Product discovery with AI: practices that stick

Actualizado: 2026-05-15

Product discovery, the continuous process by which a product team figures out which problems are worth solving and how to validate solutions before building them, was one of the territories where generative AI created most expectation through 2023 and 2024. Two years later, with accumulated experience including failures, we can make a cooler read of which practices have passed the test of time and which should be discarded without nostalgia.

Key takeaways

  • Interview transcript synthesis is the most useful and least controversial use case.
  • Generating hypotheses without real data has been a repeated failure.
  • User simulation produces systematic false positives about adoption.
  • Mature practices involve the human in critical analysis, never replace them.
  • AI amplifies good processes and accelerates bad ones toward faster, better-documented failures.

What AI does well in discovery

Interview-transcript synthesis is probably the most useful and least controversial use case. A team doing ten user interviews per sprint generates dozens of hours of audio and corresponding transcripts, and processing that mass of text to extract patterns, relevant quotes, and recurring themes is exactly the kind of task where current models add value without high risk. Synthesis doesn’t replace the researcher; it frees them from tedious work to spend time on interpretation.

Generating questions for interview guides also works well as a first approximation. Asking the model to propose twenty open questions about a concrete problem, with variants by user segment, produces a starting point the researcher refines and filters.

Exploring cross-industry analogies has surprised positively. Asking the model how unrelated sectors solve similar problems, or what product patterns have worked in comparable contexts, sometimes yields insights we wouldn’t have found manually. As a search-space widening technique it performs acceptably, especially in initial phases of a new problem.

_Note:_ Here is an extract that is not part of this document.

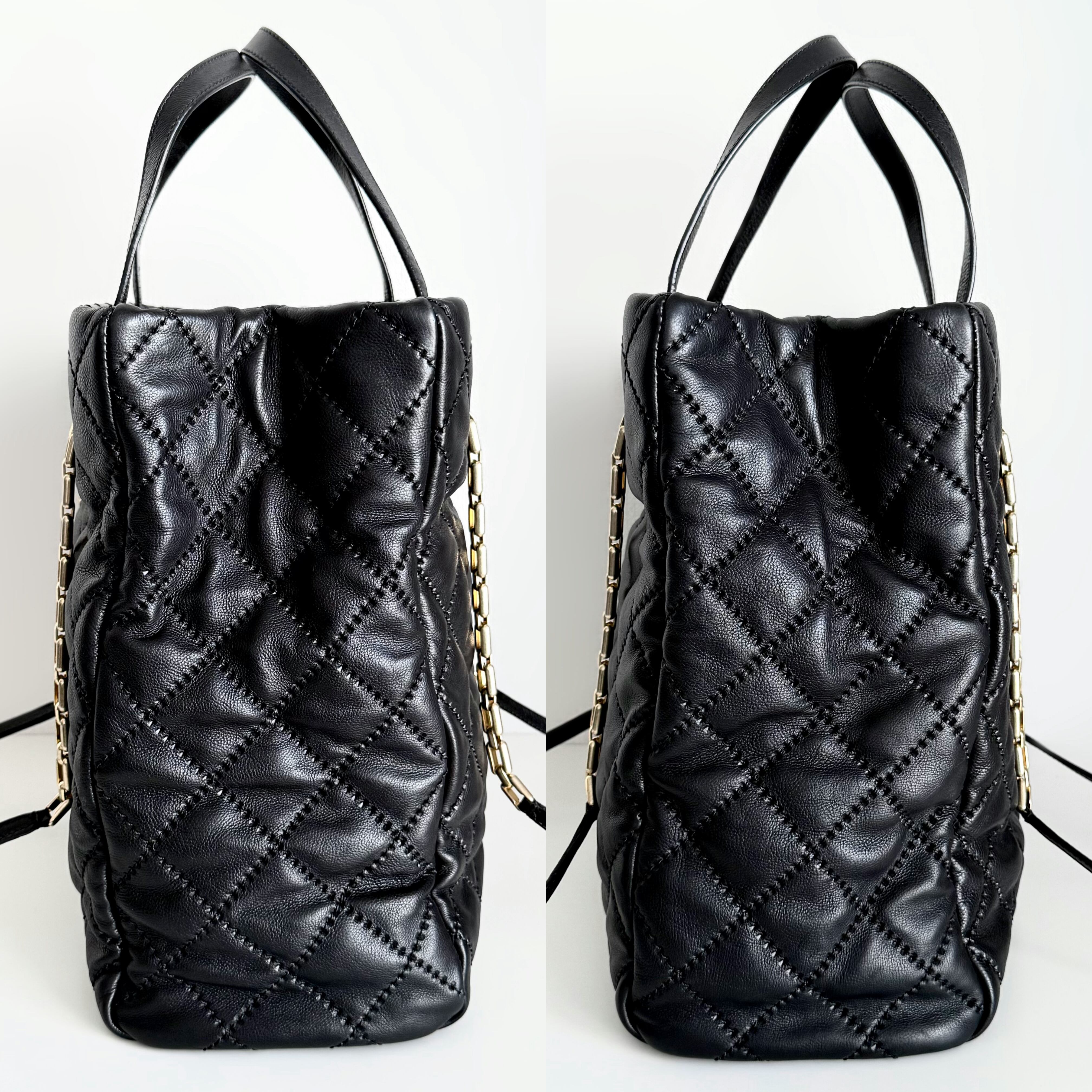 【瑕疵情報】外観:金具スレ傷、若干メッキ剥がれ、チェーンのレザー部分に若干スレ傷、型崩れ、シワ

Drafting specs, user stories, and acceptance criteria has also found its place. The model produces a first reasonably structured text on an idea, the product manager edits it, discusses with engineering and design, and the time from concept to discussable document shrinks. The final document remains human responsibility.

What AI does badly

Direct generation of product hypotheses without real data has been a repeated failure. Asking a model to suggest what problems a segment’s users have, without feeding it real prior research, produces plausible but generic lists. Without concrete-segment data, the model produces the internet’s statistical consensus, not useful insight.

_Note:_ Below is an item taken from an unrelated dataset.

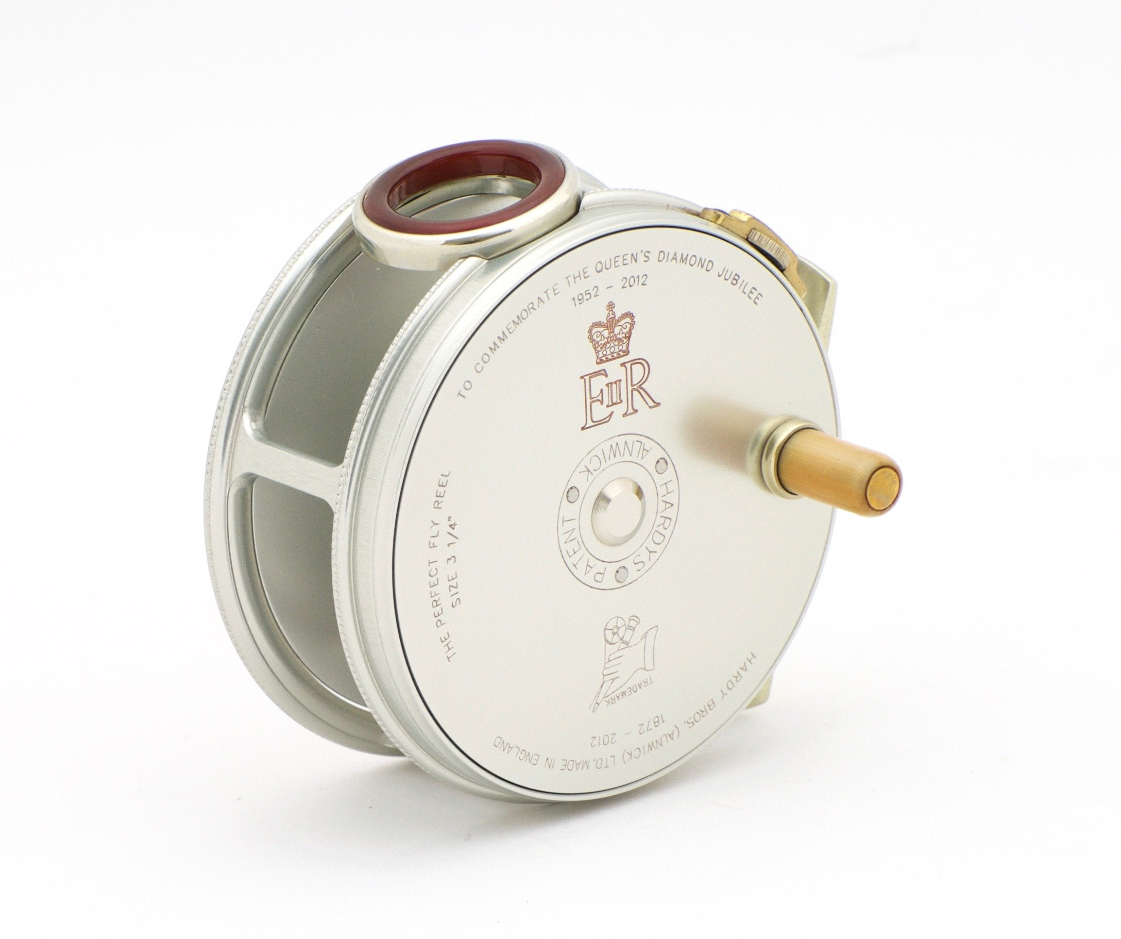 For sale here is a Hardy Perfect Diamond Jubilee Fly Reel. Mint condition. Left hand retrieve. This reel is a late prototype of the limited edition of just 250 reels to commemorate the Queen's Diamond Jubilee and 140 years of Hardy Bros. Equipped with red agate line-guard set in a handmade nickel silver bezel. 1912 adjustable check system with ivorine handle. 3 1/4" diameter. 5.9 oz. Capacity DT6+35m or WF7+60m.

Automatic prioritization has disappointed in most cases. Several teams tried through 2024 and 2025 to use models to score backlogs against criteria like impact, effort, and risk. Results were superficially coherent but didn’t withstand detailed discussion with stakeholders. For structured prioritization a framework like RICE with human judgement still wins.

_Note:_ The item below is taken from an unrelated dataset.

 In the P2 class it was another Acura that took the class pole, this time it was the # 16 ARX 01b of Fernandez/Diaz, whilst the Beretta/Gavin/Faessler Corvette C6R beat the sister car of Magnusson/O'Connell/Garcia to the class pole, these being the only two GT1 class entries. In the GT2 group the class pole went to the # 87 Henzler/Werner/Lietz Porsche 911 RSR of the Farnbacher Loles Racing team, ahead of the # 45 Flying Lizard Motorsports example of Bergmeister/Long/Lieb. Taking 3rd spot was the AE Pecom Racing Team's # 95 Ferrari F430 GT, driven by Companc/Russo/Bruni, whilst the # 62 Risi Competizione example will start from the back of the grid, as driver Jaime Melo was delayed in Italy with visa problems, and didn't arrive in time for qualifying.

User simulation had mostly discouraging results. The model produces plausible answers but converges to a statistical average that doesn’t reflect real user diversity, and generates false positives about adoption because it tends to be nice to proposed ideas. There are documented cases of teams prematurely validating directions that later failed contact with real users.

Detection of unexpressed needs is territory where the model usually falls short. Users often can’t articulate what they need, and the good researcher’s job is to listen between lines, observe contradictions, and catch non-verbal signals.

Practices that have matured

After two years of trial and error, four concrete practices have consolidated:

  1. Analysis partner after real interviews. The researcher transcribes, the model helps synthesize, the human team discusses findings. This pattern leverages AI’s good parts without falling into the failures of delegating core thinking.
  2. Counterargument generation. After formulating a hypothesis, asking the model to build the three best arguments against it, without being nice, as if a hostile external critic. This helps harden the hypothesis before investing validation time.
  3. Text variant generation for testing. The model produces twenty copy or value-proposition variants, the team picks five, they’re tested with real users, and learning returns to the model for the next iteration.
  4. Customer-support conversation analysis. Support interactions contain information on real user frictions. Processing that corpus with model help identifies patterns otherwise hidden.

Common errors to avoid

Three recurring traps deserve explicit mention:

  • Confusing speed with rigor. The model accelerates many discovery tasks but doesn’t make them better by itself. An accelerated cycle without adequate human controls quickly produces well-documented bad decisions.
  • Assuming the model understands business context. Without explicit loading of segment information, metrics, partnerships, and constraints, model suggestions are too general to help decide.
  • Excluding experienced researchers. When juniors use AI without senior supervision, the team loses the ability to detect when outputs are plausible but wrong.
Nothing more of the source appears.